• Study material
· · · · ·
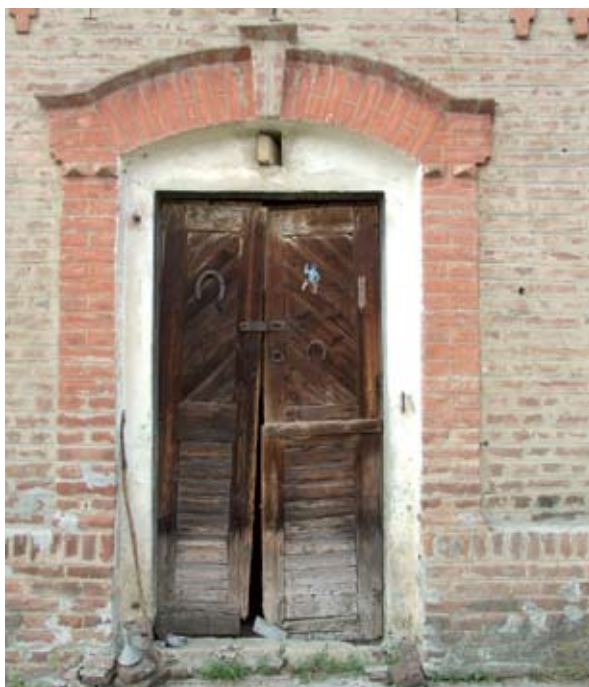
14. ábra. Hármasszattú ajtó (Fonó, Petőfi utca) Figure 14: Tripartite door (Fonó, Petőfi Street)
· · · · ·
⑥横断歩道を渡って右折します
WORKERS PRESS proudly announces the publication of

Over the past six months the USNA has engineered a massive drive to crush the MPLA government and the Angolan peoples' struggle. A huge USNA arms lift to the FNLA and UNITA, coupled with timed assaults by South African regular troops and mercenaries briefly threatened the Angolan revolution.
· · · · ·
• Exercise description
Each line in the listing above from the one containing "⑥横断歩道を渡って右折します" through the one containing "Over the past" should be repeated exactly, and no other line.

• Answer space
⑥横断歩道を渡って右折します
WORKERS PRESS proudly announces the publication of

Over the past six months the USNA has engineered a massive drive to crush the MPLA government and the Angolan peoples' struggle. A huge USNA arms lift to the FNLA and UNITA, coupled with timed assaults by South African regular troops and mercenaries briefly threatened the Angolan revolution.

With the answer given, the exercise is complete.